Many self-proclaimed prophets have predicted the end of the world and the date of the Second Coming. But that’s a fool’s game. The job of Christians is to watch with Christ and respond to the wounds and needs of people, trusting that we can leave the ultimate fate of the world to our loving God.


            We can say with certainty that the date-setters have always been wrong. Who are the date-setters? They’re the people who predict that the world will end on a certain date. They’re the ones who say they know the time of the second coming of Christ. They’re the ones who announce all this to the world with false certitude. They’re the ones who are never in doubt but always wrong.

            The list of date-setters is long and embarrassing, but I’ll mention just two of them as we think about the strange, somewhat disturbing passage we read today from Luke’s gospel.

            Based mostly on his interpretation of a single Bible verse, Daniel 8:14, in 1822, William Miller (1782-1849), a Baptist preacher, told followers that “the second coming of Jesus Christ is near, even at the door, even within 21 years — on or before 1843.”1

            Later, he got more specific by declaring that Christ would return sometime between March 21, 1843, and March 21, 1844. His failure of math and analysis became known in theological circles as the “Great Disappointment.”

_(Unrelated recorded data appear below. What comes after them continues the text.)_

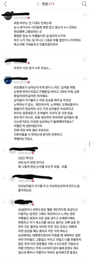 이를 보면 위에 언급한 워마드를 극혐하는 성향이 이들이 단순 문재인 대통령을 까서 욕하는건지 그들의 일베와 닮아가는 방식에 반대하는 건지 알 수가 없다. 게다가 문제는 페미니스트를 자처하는 양반들이 입진보에 이은 입페미 설현이나 현아 등 같은 여자 연예인의 얼굴부터 발 끝까지 품평하기로 악명이 높다는 것이다(…). 한마디로 여자 연예인 혹은 일반인 성희롱 글이 자주 올라와서 본인들이 그렇게 싫어하는 남초 사이트와 수준이 다를 바가 없다.
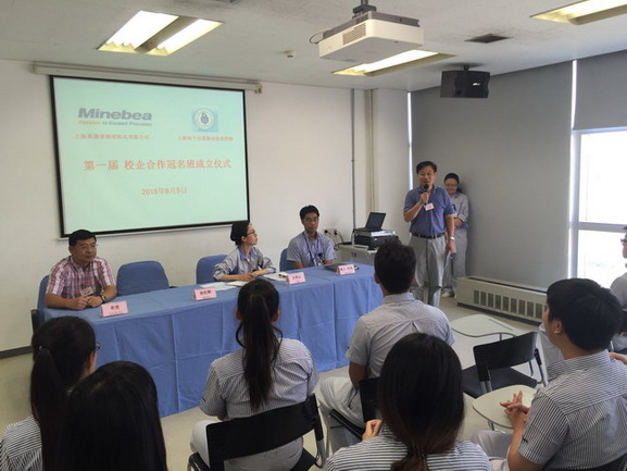 2015年8月5日,“上海电子信息职业技术学院与上海美蓓亚精密机电有限公司校企合作企业冠名班开班典礼”在美蓓亚青浦工厂正式举行,我院副院长徐松鹤、上海美蓓亚精密机电有限公司日方经理根立直哉、人事总监吕青云等企业部门代表出席开班典礼。
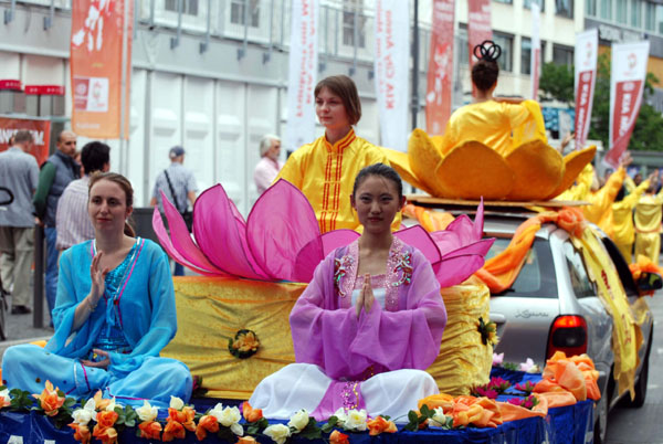 ![]() 精美的花车上,法轮功学员展示功法。 |
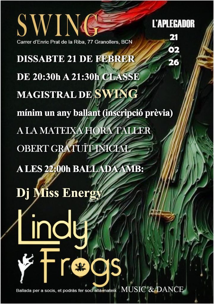 A Lindy Frogs ens dediquem a crear moments inoblidables plens de swing, ball i bon rotllo. Organitzem ballades, concerts, cinefòrums, exhibicions i activitats per aprendre i gaudir junts. Ens trobem regularment per ballar, compartir i fer créixer la comunitat swinguera. Si t’agrada moure’t, passar-ho bé i conèixer gent amb la mateixa energia… uneix-te a la granota i salta amb nosaltres!
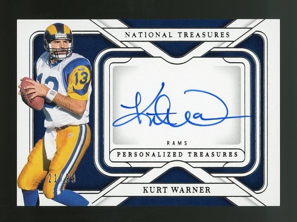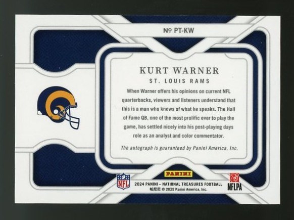 2024 National Treasures Kurt Warner Personalized Treasures Autograph #PT-KW (#'d/99) - A highly attractive card with a great on-card signature by Warner.  Card is NM/MT and ready for you to display in your collection.
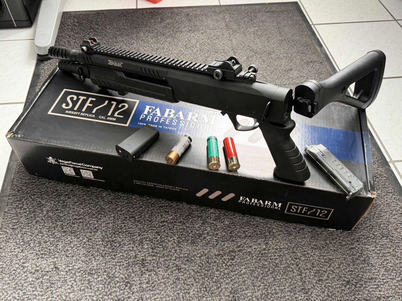 Die VFC / BO Manufacture Fabarm STF12 Pump Action Gas Shotgun kann mit den Original VFC Patronen sowie allen Original Tokyo Marui SPAS / M3 / M870 Pumpgun Patronen Shells betrieben werden.
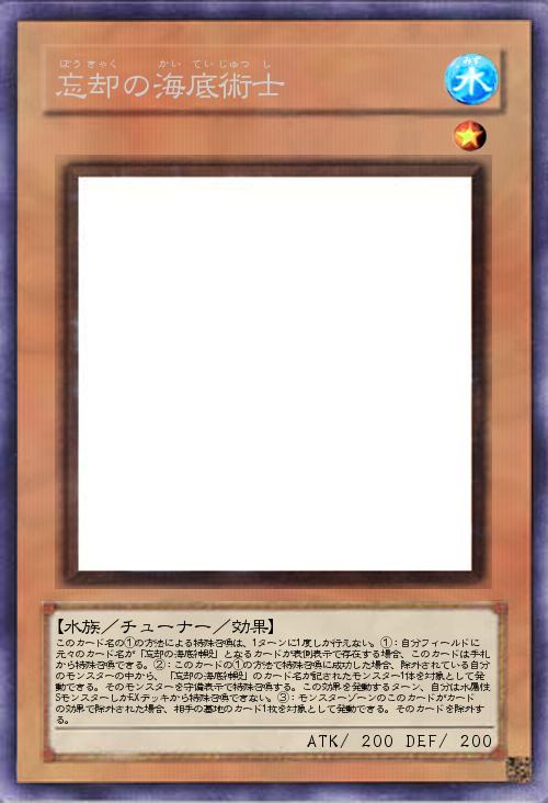 | このカード名の①の方法による特殊召喚は、1ターンに1度しか行えない。①:自分フィールドに元々のカード名が「忘却の海底神殿」となるカードが表側表示で存在する場合、このカードは手札から特殊召喚できる。②:このカードの①の方法で特殊召喚に成功した場合、除外されている自分のモンスターの中から、「忘却の海底神殿」のカード名が記されたモンスター1体を対象として発動できる。そのモンスターを守備表示で特殊召喚する。この効果を発動するターン、自分は水属性SモンスターしかEXデッキから特殊召喚できない。③:モンスターゾーンのこのカードがカードの効果で除外された場合、相手の墓地のカード1枚を対象として発動できる。そのカードを除外する。 | |||

            In more recent times, some of you may remember Harold Camping, a radio preacher who died in 2013. He was a rather famous voice on Family Radio, a Christian network that, at its peak, was heard on about 150 stations.2

            Camping made all kinds of world-ending predictions — each one, of course, wrong. First, he said Judgment Day would happen on September 6, 1994. Well, in one sense, the world did end for author and director James Clavell, who died that day at age 69,3 but as for the world ending for everyone else, Camping was wrong.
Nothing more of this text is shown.